The bottom line for cross-border freight

The war on tariffs didn’t end — it changed weapons. Section 122 expires on July 24, 2026, which means a new round of trade policy decisions is coming just as the T-MEC review kicks off. The freight market has been operating under what analysts call “sourcing paralysis” for months, with Class 8 truck orders at their lowest since May 2020 and some carriers reporting double-digit profit declines.

For Mexico freight forwarders and shippers: the risk is no longer just the tariff rate. It’s the volatility of not knowing what rate to plan around 90 days from now.

  • Audit which of your entries were IEEPA-based vs. Section 232 — they have very different legal status today.
  • Move quickly on IEEPA refund eligibility before CBP’s CAPE system launches; those who file early will have priority processing.
  • Build tariff pass-through clauses into client contracts now — before July, not after.
  • Don’t conflate tariff announcements with actual duties owed; Flexport’s analysis shows the gap between rhetoric and implementation has been consistently wide.
GLT perspective

One of the most painful experiences for Mexico freight forwarders is discovering extra charges or tariff-related problems after the freight has already moved. Our team works ahead of the shipment — we explain what classifications apply, flag risks before they become surprises, and keep communication proactive at every stage. No post-delivery discoveries.



Issue 02 — Trade Agreement

T-MEC/USMCA Renegotiation: What’s Actually at Stake

The 2026 T-MEC review was supposed to be procedural. It is not. The Trump administration has made clear it intends to examine every aspect of the deal, and the Center for Strategic and International Studies has called it “a defining test for North American cohesion and global competitiveness.”

Three areas with direct freight implications:

Rules of origin — could get tighter

The current threshold for North American content in automotive is 75%. A push to raise that bar, or extend similar requirements to electronics, aerospace, and medical devices, would force supply chain redesigns for many manufacturers. Any change to origin rules directly affects what can cross the border duty-free — and how you document it.

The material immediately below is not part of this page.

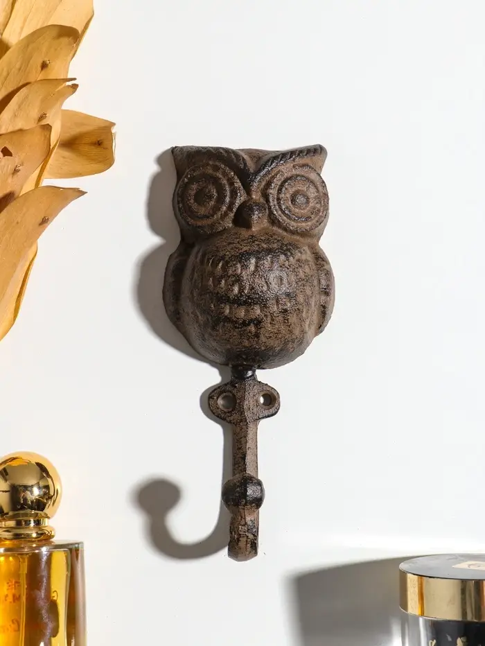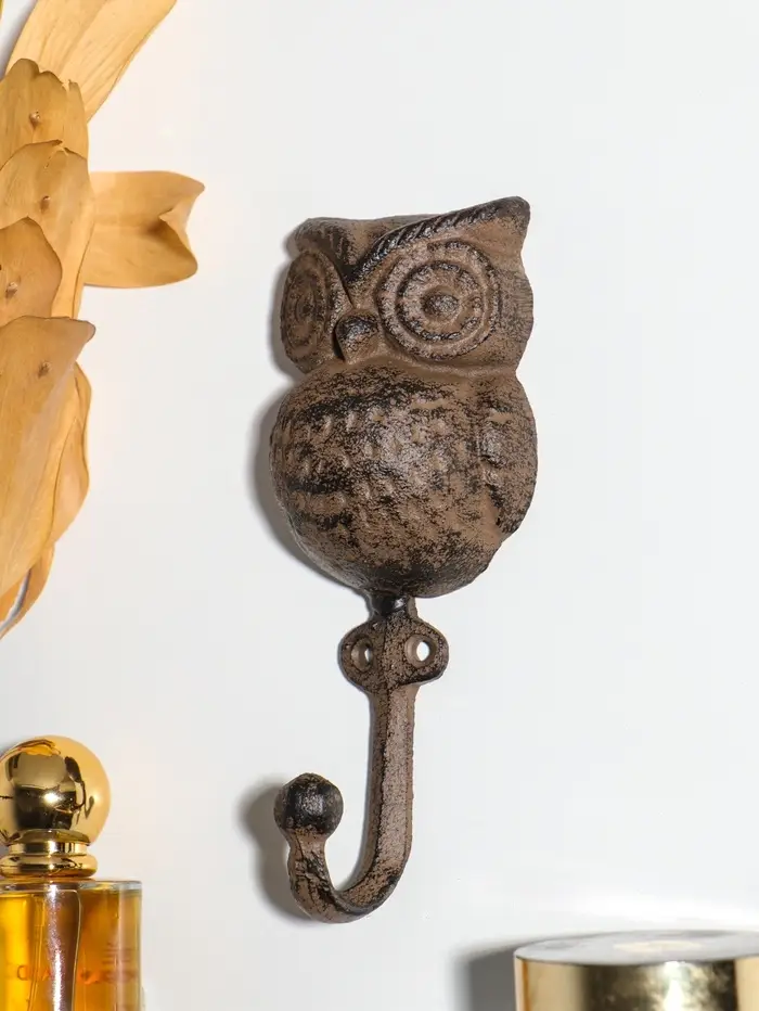 Эта чугунная ключница с крючком в виде филина встречает вас у порога. Массивная и добротная, она надежно хранит ключи от дома, превращая обычный предмет обихода в деталь интерьера. Теплый коричневый оттенок и детальная проработка оперения создают ощущение, что в вашем прихожей поселился мудрый лесной страж.

China-sourced intermediate inputs — the biggest wildcard

Approximately 40% of Mexico’s intermediate imports come from China. If new rules restrict or penalize those inputs, supply chains would need to be redesigned rapidly. For Mexico freight forwarders, this translates into clients scrambling to re-source, re-route, and re-document — all at the same time.

A potential new supply chain resilience chapter

Both the Baker Institute and Brookings have proposed adding a formal supply chain resilience chapter to T-MEC. If adopted, this would create new reporting, transparency, and compliance requirements for cross-border shipments — more complexity, more documentation, more need for knowledgeable partners.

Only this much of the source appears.